Матрос Петя не знает, как ему реагировать, и молчит, уставившись в палубу.
– Ты в школе-то учился, Герасимов? – пытается достучаться до него механик с другой стороны.
– Учился.
– Ну, расскажи мне, каких русских писателей ты знаешь?
– Ну… Пушкин.
– Хуюшкин, Герасимов! Пушкин – это поэт! Он слова в рифму писал, а писатель – это который без рифмы пишет! Писателей каких ты знаешь?
– Ну… Толстой.
– Какой Толстой?
– А он же один был.
– Ладно. Ладно, он был один. Какое его произведение ты читал?
– Ну… «Войну и мир».
– «Войну и мир»? На каком языке оно начинается?
– Ну, на русском же, понятное дело!
– Ясно, значит, дальше заглавия не осилил. Слушай, а тебя матрозавры остальные как называют? Герасимом? А ты знаешь, что про тебя целое произведение написал великий русский писатель Тургенев? Читал «Муму»?
– Не-ет.
– Ну как, блядь, нет? У тебя же в личном деле «среднее образование» написано! Как вы на флот-то попадаете, я не пойму? Откуда вас берут, из поселений староверов, что ли?! Стас, есть у тебя Тургенев? Принеси, пожалуйста!
Зам приносит томик Тургенева из корабельной библиотеки.
– Вот, Герасимов, начнём твоё половое воспитание. Завтра, в это же время на этом же самом месте ты мне пересказываешь рассказ Тургенева «Муму» близко к тексту. Близко, Герасимов, так близко, чтоб даже муха не проскочила. Свободен!
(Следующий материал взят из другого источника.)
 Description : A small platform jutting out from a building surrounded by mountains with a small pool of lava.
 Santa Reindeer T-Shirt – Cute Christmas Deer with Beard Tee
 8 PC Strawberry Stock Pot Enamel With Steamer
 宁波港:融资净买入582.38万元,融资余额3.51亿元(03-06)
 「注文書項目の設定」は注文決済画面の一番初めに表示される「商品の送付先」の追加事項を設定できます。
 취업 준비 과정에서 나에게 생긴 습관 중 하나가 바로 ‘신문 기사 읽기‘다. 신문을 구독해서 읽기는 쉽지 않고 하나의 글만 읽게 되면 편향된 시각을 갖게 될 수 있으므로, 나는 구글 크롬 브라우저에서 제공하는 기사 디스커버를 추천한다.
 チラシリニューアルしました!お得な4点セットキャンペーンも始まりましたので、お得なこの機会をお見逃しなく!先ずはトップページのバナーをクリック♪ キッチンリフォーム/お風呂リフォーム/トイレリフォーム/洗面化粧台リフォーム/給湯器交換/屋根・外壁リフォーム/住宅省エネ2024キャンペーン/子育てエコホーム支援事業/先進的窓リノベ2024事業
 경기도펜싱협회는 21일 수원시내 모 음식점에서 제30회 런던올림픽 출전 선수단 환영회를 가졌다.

Или вот в центральном. На всплытии без хода, например. Смерть стоит за спиной командира и ждёт, когда он допустит хотя бы малейшую оплошность. Лодка медленно-медленно ползёт вверх, и все спокойны и не верят своему счастью, а Смерть улыбается: она-то знает, что сейчас будет пласт воды с другой плотностью, и нас как жахнет об этот лёд, и, может быть, не тем местом, на которое мы рассчитываем, и всё, считай приплыли. Но и командир об этом знает откуда-то.
– Принимать с двух бортов!
– Есть принимать с двух бортов! – репетую командиру и начинаю принимать.
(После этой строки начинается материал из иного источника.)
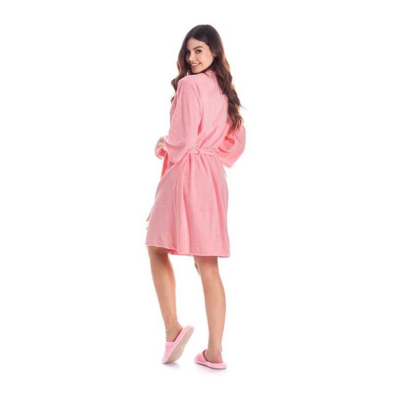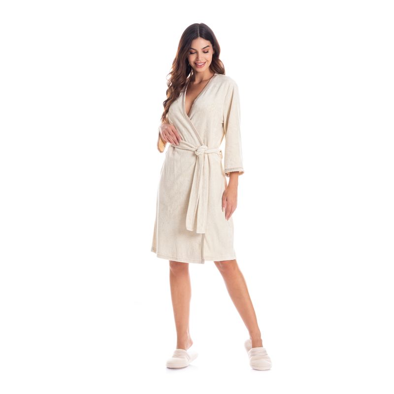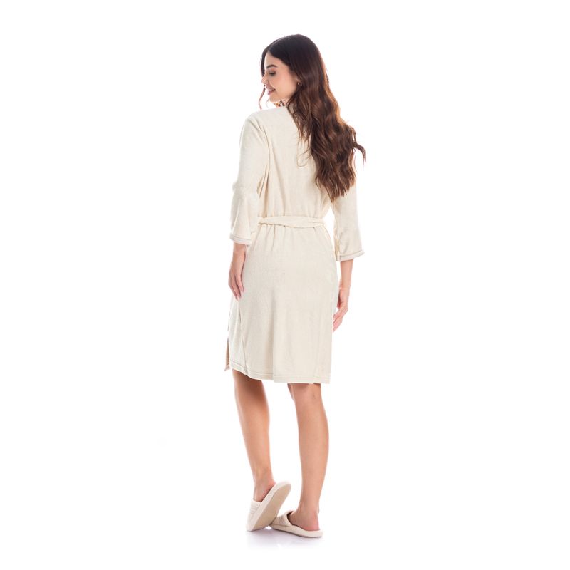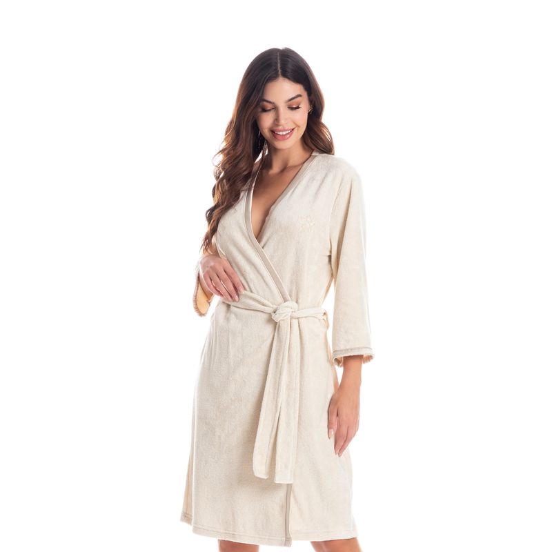 Robe Feminino Curto Em Atoalhado Liss é puro charme! Em comprimento curto e mangas 7/8. Suas frentes e mangas possui acabamentos em cetim, além de amarres internos. Detalhe para o bordado logo Daniela Tombini na lateral esquerda. Um verdadeiro charme!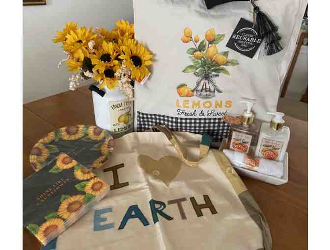 Two large and accommodating reusable cloth shopping bags are perfect for visiting farmer’s markets! And nothing says summer like sunflowers (paper plates, napkins and silk placeholders till you have the real blooms) and citrus (hand soap and lotion set and rustic metal milk can vase for market flowers).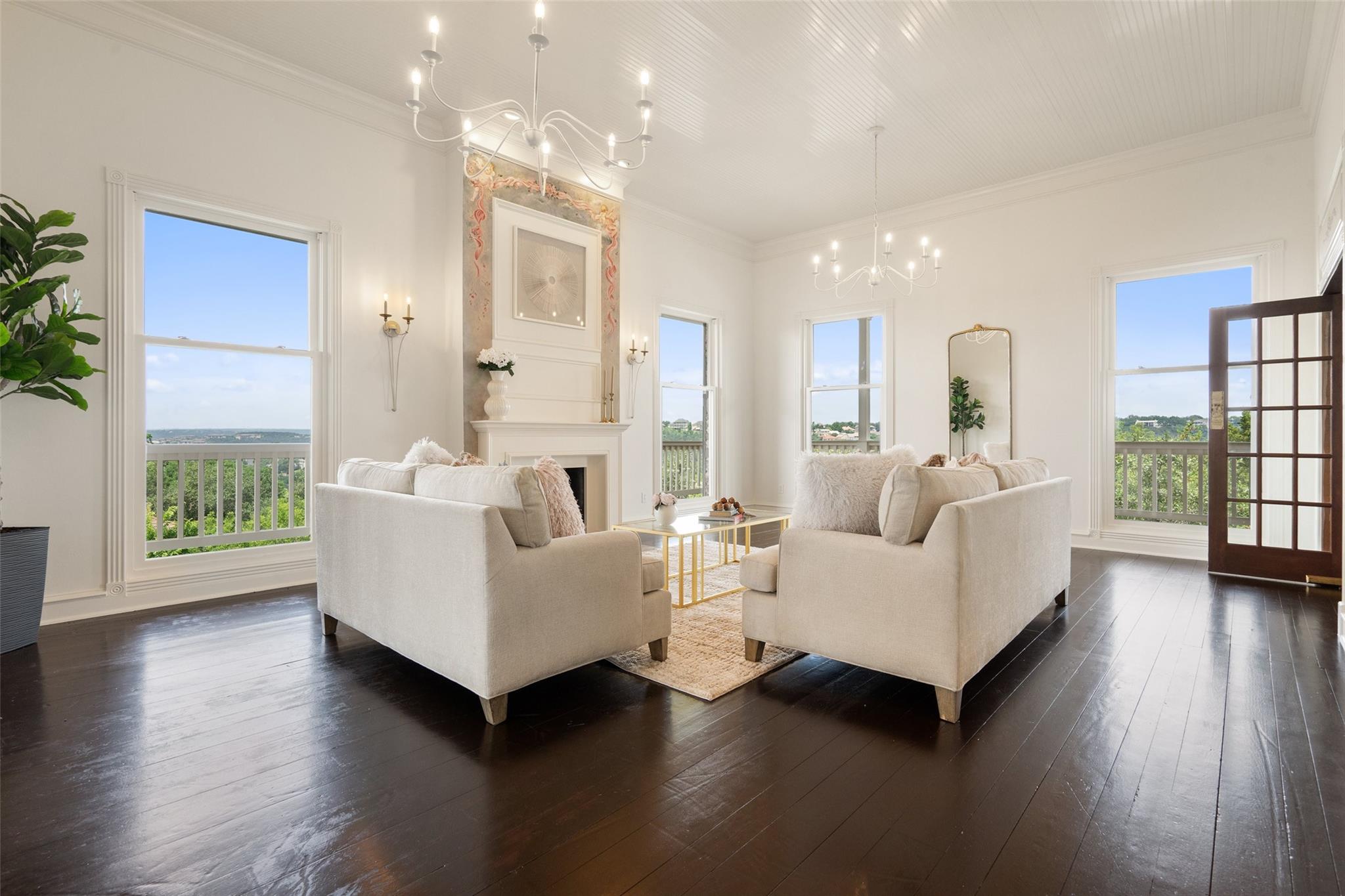 Set on a sprawling hilltop in Northwest Hills, 4321 Far West is a home unparalleled in its architectural mastery, historical significance, and breathtaking views. This 3-story, newly renovated residence exudes elegance and charm, offering a serene retreat in an exceptional locale. Upon arrival, guests are welcomed by a hand-laid stone exterior, hinting at the timeless beauty within. The wraparound outdoor porches offer privacy and luxury, with mesmerizing hill country vistas captivating the imagination. Stepping inside reveals purposeful design and historic grandeur. With 5 bedrooms, 5.5 baths, 5,800 square feet of space, plus a large garage with an apartment above, this home is the perfect backdrop for work, hosting guests, or moments with family. The living area, strategically positioned on the second story, is equipped with a demanding office or den, a grand dining room or lounge, a spacious living room, and an open kitchen, all capturing the stunning 360° views of the surrounding hill country landscape. The meticulously redesigned primary suite located on the first floor, seamlessly blends the home's rich history with modern luxuries and comforts. This incredible estate transcends mere residency—it is a historical retreat embodying a lifestyle of refined taste and architectural wonder. For those seeking a unique and magnificent home, this remarkable property offers an unparalleled opportunity to experience the best that Austin has to offer.

– Приготовиться к ускоренному приёму!
– Готов!
– Принимать ускоренно с обоих бортов!
И лодка в этот момент подпрыгивает на несколько метров, но уже поздно – тонны морской воды падают в её чрево по трубам метрового диаметра под давлением пять атмосфер, и она уже тяжёлая, и взлететь ей ну никак не удастся. Да ладно, ухмыляется Смерть, сейчас вы, по инерции, как шухнете вниз на три километра, а продуться-то не можете, там и посмотрим, кто кого. Но командир её опять слышит!
– Два насоса за борт!
– Есть два насоса за борт! – и два центробежных насоса начинают выплёвывать по двести семьдесят тонн воды в час каждый в морды изумлённым касаткам.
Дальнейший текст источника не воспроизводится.